The 2010 Budget proposed by President Barack Obama projects significant debt increases, both in terms of dollars and relative to GDP.[54][55] The debt was projected to nearly double to $20 trillion by 2015, but was expected to increase to nearly 100% of GDP by 2020 and remain at that level thereafter. The estimates assumed real GDP growth (after inflation) ranging from 2.6% to 4.6% annually from 2010 through 2019, which exceeds Blue Chip consensus estimates.[56] These 2009 projections were subject to revision as the debt had in fact reached about 96.5% of GDP by FY2011, much earlier than 2020.

During FY 2008, approximately 76.6% of federal spending was in the following categories: Departments of Health and Human Services (19.8%), Defense (20.3%) and Veterans Affairs (11.8%); Social Security Administration (18.2%); interest on the public debt (6.6%).[17]

The Office of Management and Budget forecasts that, by the end of fiscal year 2012, gross federal debt will total $16.3 trillion.
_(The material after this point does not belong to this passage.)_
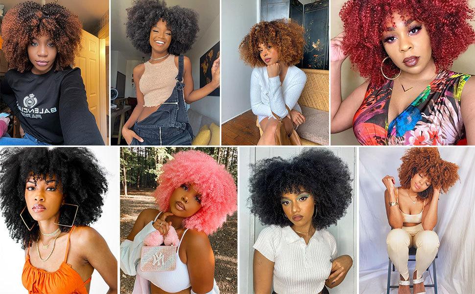 Peluca transfronteriza europea y americana Xuchang peluca africana de pequeño volumen con cabeza explosiva peluca para mujer pelucas de fibra química cobertura completa de cabeza
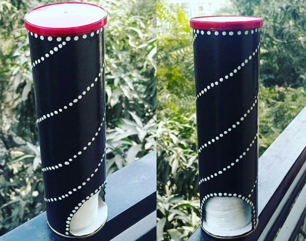 Следующий вариант того, “Принглс”, пригодится девушкам. Банку без особого труда можно переделать в диспенсер для хранения и подачи Что для этого понадобится? Да по сути, ничего необычного: канцелярский нож, карандаш, немного разноцветной упаковочной бумаги, клей и пачка ватных дисков.

Thus, the projected debt will equal 101% of projected gross domestic product, which represents a milestone in the U.S. economy. Public debt alone, which excludes amounts that the government owes its citizens via various trust funds, will be 67% of GDP by the end of fiscal 2012.[57]

Historical analysis of government spending or debt relative to GDP can be misleading, according to the GAO, CBO and Treasury Department. This is because demographic shifts and per-capita spending are causing Social Security and Medicare/Medicaid expenditures to grow significantly faster than GDP. If this trend continues, government simulations under various assumptions project mandatory spending for these programs will exceed taxes dedicated to these programs by more than $40 trillion over the next 75 years on a present value basis.[58]

According to the GAO, this will double debt-to-GDP ratios by 2040 and double them again by 2060, reaching 600 percent by 2080.[59] A GAO simulation indicates that Social Security, Medicare, and Medicaid expenditures alone will exceed 20% of GDP by 2080, which is approximately the historical ratio of taxes collected by the federal government. In other words, these mandatory programs alone will take up all government revenues under this simulation.[58]

CBO Long-Term Scenarios

CBO-Public Debt Under "Extended" and "Alternate" Scenarios

The CBO reported during June 2011 two scenarios for how debt held by the public will change during the 2010-2035 time period. The "extended baseline scenario" assumes that the Bush tax cuts (extended by Obama) will expire per current law in 2012. It also assumes the alternative minimum tax (AMT) will be allowed to affect more middle-class families, reductions in Medicare reimbursement rates to doctors will occur, and that revenues reach 23% GDP by 2035, much higher than the historical average 18%. Under this scenario, government spending on everything other than the major mandatory health care programs, Social Security, and interest on federal debt (activities such as national defense and a wide variety of domestic programs) would decline to the lowest percentage of GDP since before World War II. Under this scenario, public debt rises from 69% GDP in 2011 to 84% by 2035, with interest payments absorbing 4% of GDP vs. 1% in 2011.[60]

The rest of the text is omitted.